— TASK GOAL —
Repeat the lines below exactly as they appear, but leave out the images.

[Stored entries]
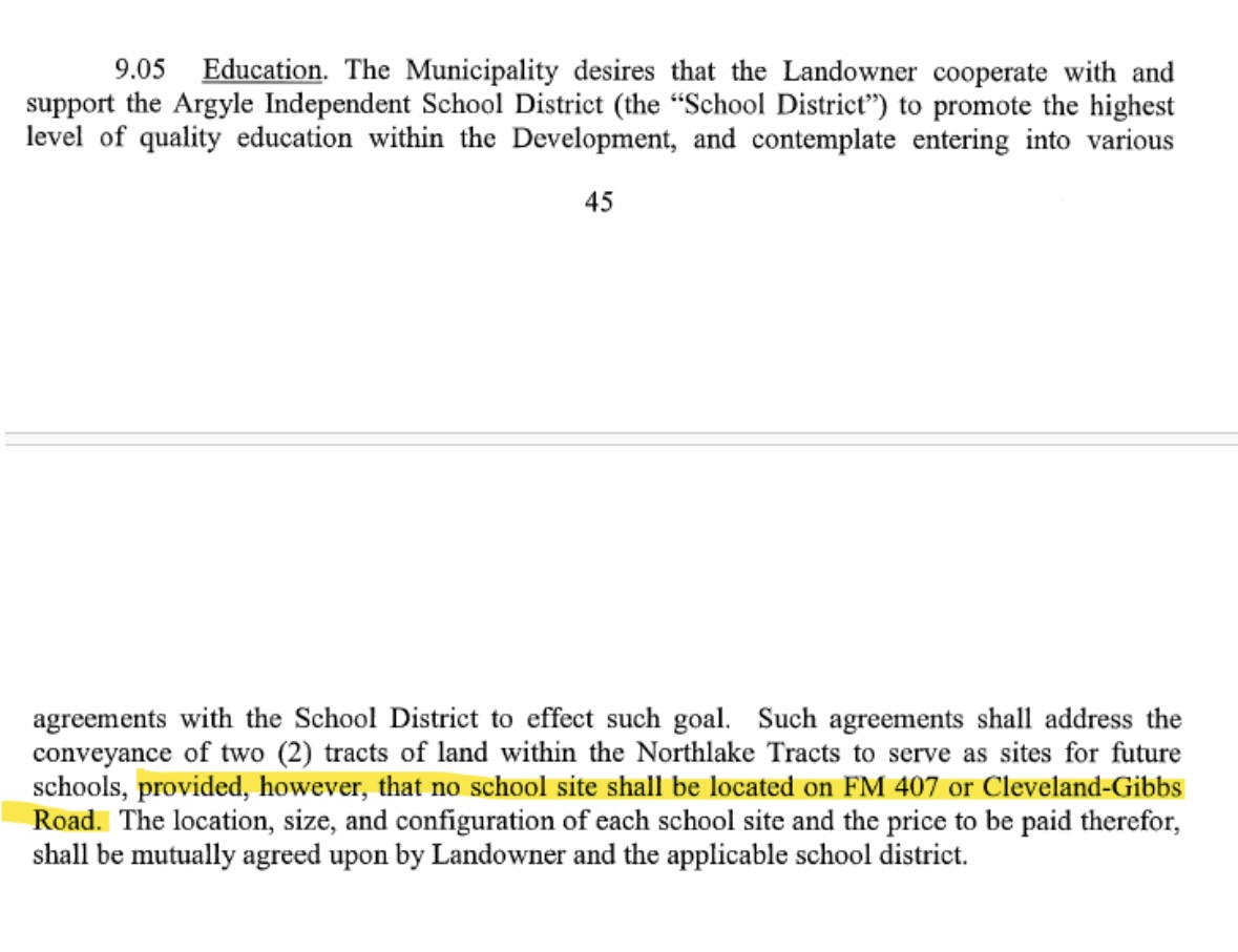 Patricia also found language in the Development Agreement that Northlake stipulated no school on Cleveland Gibbs or 407. That has been sent to Kelsey for guidance on if/how this impacts the issue in front of us. It was likely included to avoid the very traffic flow and pedestrian safety issues we are now facing.
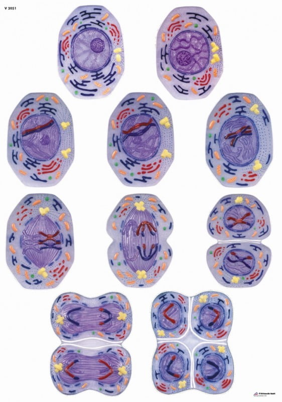 This colorful wall chart details cellular division, meiosis. Mammal cells are used as the template to illustrate the process of meiosis on this oversized chart. The cells on the chart are colored according to the usual staining in microscopy. These charts are a great teaching tool for explaining meiosis, which is vital in sexual reproduction. The posters are supplied with rods for easy display in the classroom.
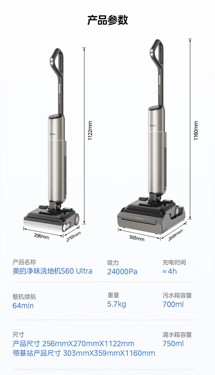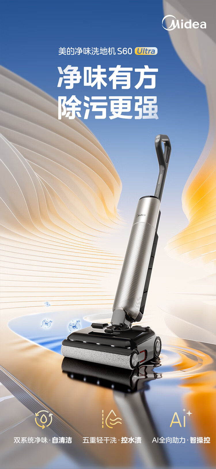 美的(Midea)S60Ultra净味洗地机洗拖吸一体自动清洗拖地机【AI全向助力 智投清洁液 光照显尘】 国家补贴
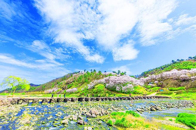 28개의 돌다리 기둥이 이어져 만들어진 이 다리는 하천을 가로지르며, 특히 겨울철에는 하얀 눈이 덮여 고즈넉한 풍경을 연출합니다.
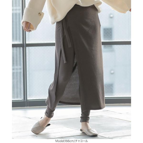 スカート ラップスカート ロング リブレギンス ボトムス 2点セット レギンスセット ロング 10分丈 秋...
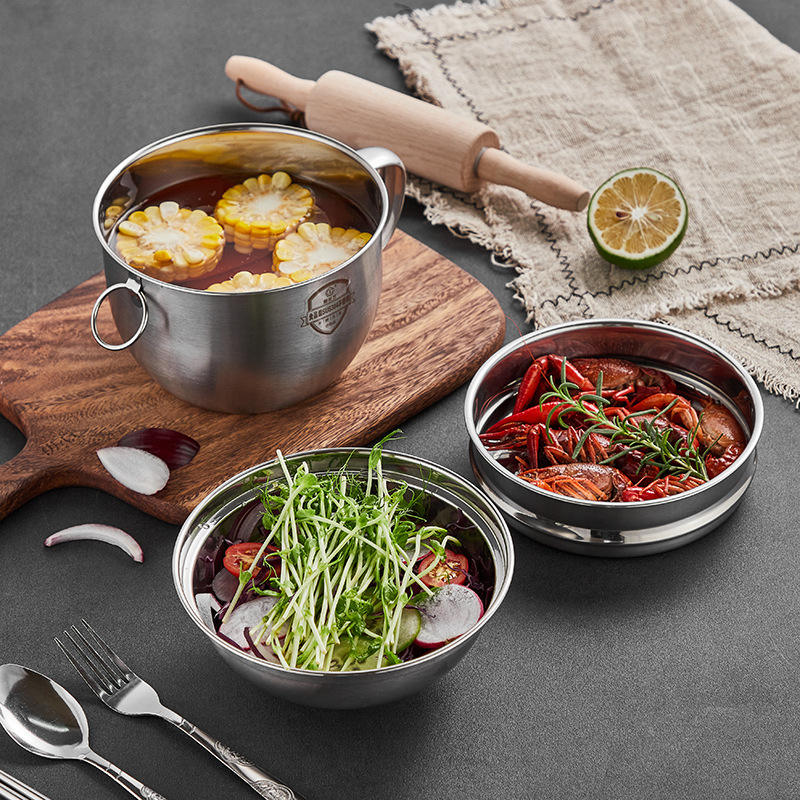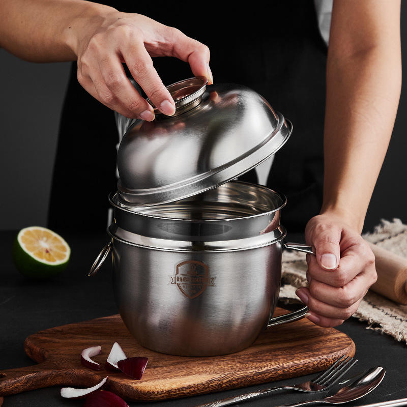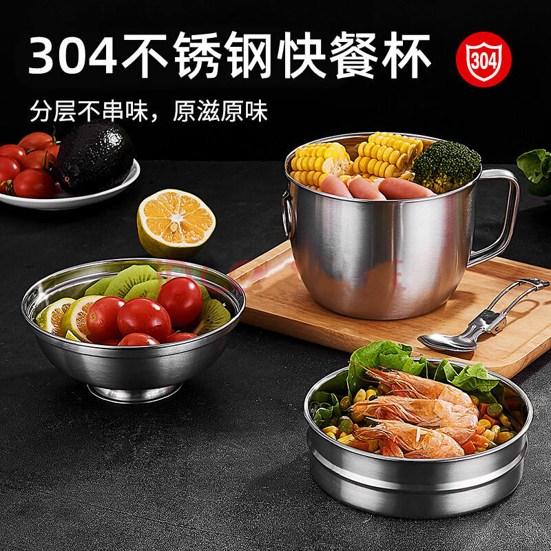 กล่องอาหารกลางวันสแตนเลสทรงกลมพร้อมฝาปิด 304 ภาชนะใส่อาหารสำหรับนักเรียนและผู้ใหญ่
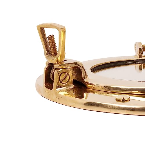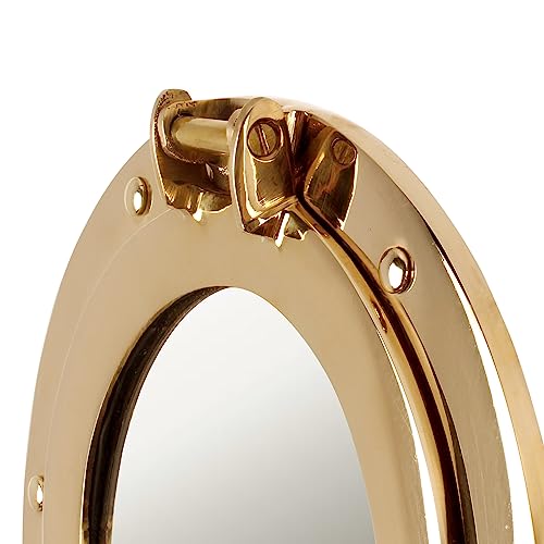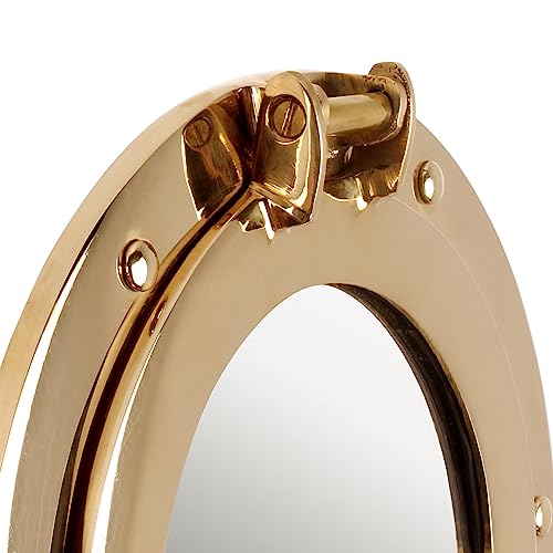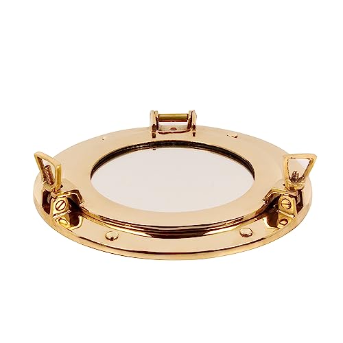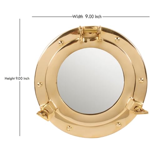 - DIMENTIONS: Diameter : 11 Inches | Viewing Area : 7.50 Inches.PACKAGE INCLUDES: 1 pc 11” Nautical Brass Ships Porthole Mirror Window.WIDE APPLICATIONS: It is really a perfect addition to any nautical setting. The wall clock can be used as a perfect nautical wall hanging decor to accent your home. It is really a good choice for those who love sailing and nautical wall art. It is also a perfect gift for seafaring family members.EASY TO INSTALL: It's very Classic and Easy to Install.
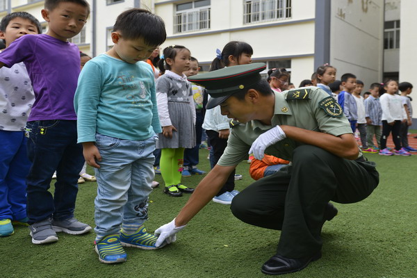 伴随着雄壮豪迈的国歌声,鲜艳的五星红旗徐徐升起。全体师生佩戴红领巾神情严肃,用最庄重的注目礼向冉冉升起的国旗致敬。仪式上,来自100医院部队的解放军们,给学生们带来了精彩的班队列演示。解放军整齐的动作,清脆响亮的口号声,让孩子们在感受他们严明纪律的同时,更多了一份对军人的崇敬与对社会的责任意识。接着孩子们也一显身手,精神百倍,雄赳赳、气昂昂地开展学做解放军的练习:立正、稍息、向前看齐等一个个动作学得像模像样,俨然就是一个个神气的小兵。活动中,来自部队的战士代表,给学生们讲述了新中国成立的故事,他简短回顾了中华民族的波澜曲折的历史进程,热情歌颂新中国成立66年来取得的巨大功绩,倡导全校师生弘扬中华民族精神,激发爱国、爱家、爱校的情感和振兴祖国的责任感。

— RESPONSE BOX —
 Patricia also found language in the Development Agreement that Northlake stipulated no school on Cleveland Gibbs or 407. That has been sent to Kelsey for guidance on if/how this impacts the issue in front of us. It was likely included to avoid the very traffic flow and pedestrian safety issues we are now facing.
 This colorful wall chart details cellular division, meiosis. Mammal cells are used as the template to illustrate the process of meiosis on this oversized chart. The cells on the chart are colored according to the usual staining in microscopy. These charts are a great teaching tool for explaining meiosis, which is vital in sexual reproduction. The posters are supplied with rods for easy display in the classroom.
 美的(Midea)S60Ultra净味洗地机洗拖吸一体自动清洗拖地机【AI全向助力 智投清洁液 光照显尘】 国家补贴
 28개의 돌다리 기둥이 이어져 만들어진 이 다리는 하천을 가로지르며, 특히 겨울철에는 하얀 눈이 덮여 고즈넉한 풍경을 연출합니다.
 スカート ラップスカート ロング リブレギンス ボトムス 2点セット レギンスセット ロング 10分丈 秋...
 กล่องอาหารกลางวันสแตนเลสทรงกลมพร้อมฝาปิด 304 ภาชนะใส่อาหารสำหรับนักเรียนและผู้ใหญ่
 - DIMENTIONS: Diameter : 11 Inches | Viewing Area : 7.50 Inches.PACKAGE INCLUDES: 1 pc 11” Nautical Brass Ships Porthole Mirror Window.WIDE APPLICATIONS: It is really a perfect addition to any nautical setting. The wall clock can be used as a perfect nautical wall hanging decor to accent your home. It is really a good choice for those who love sailing and nautical wall art. It is also a perfect gift for seafaring family members.EASY TO INSTALL: It's very Classic and Easy to Install.
 伴随着雄壮豪迈的国歌声,鲜艳的五星红旗徐徐升起。全体师生佩戴红领巾神情严肃,用最庄重的注目礼向冉冉升起的国旗致敬。仪式上,来自100医院部队的解放军们,给学生们带来了精彩的班队列演示。解放军整齐的动作,清脆响亮的口号声,让孩子们在感受他们严明纪律的同时,更多了一份对军人的崇敬与对社会的责任意识。接着孩子们也一显身手,精神百倍,雄赳赳、气昂昂地开展学做解放军的练习:立正、稍息、向前看齐等一个个动作学得像模像样,俨然就是一个个神气的小兵。活动中,来自部队的战士代表,给学生们讲述了新中国成立的故事,他简短回顾了中华民族的波澜曲折的历史进程,热情歌颂新中国成立66年来取得的巨大功绩,倡导全校师生弘扬中华民族精神,激发爱国、爱家、爱校的情感和振兴祖国的责任感。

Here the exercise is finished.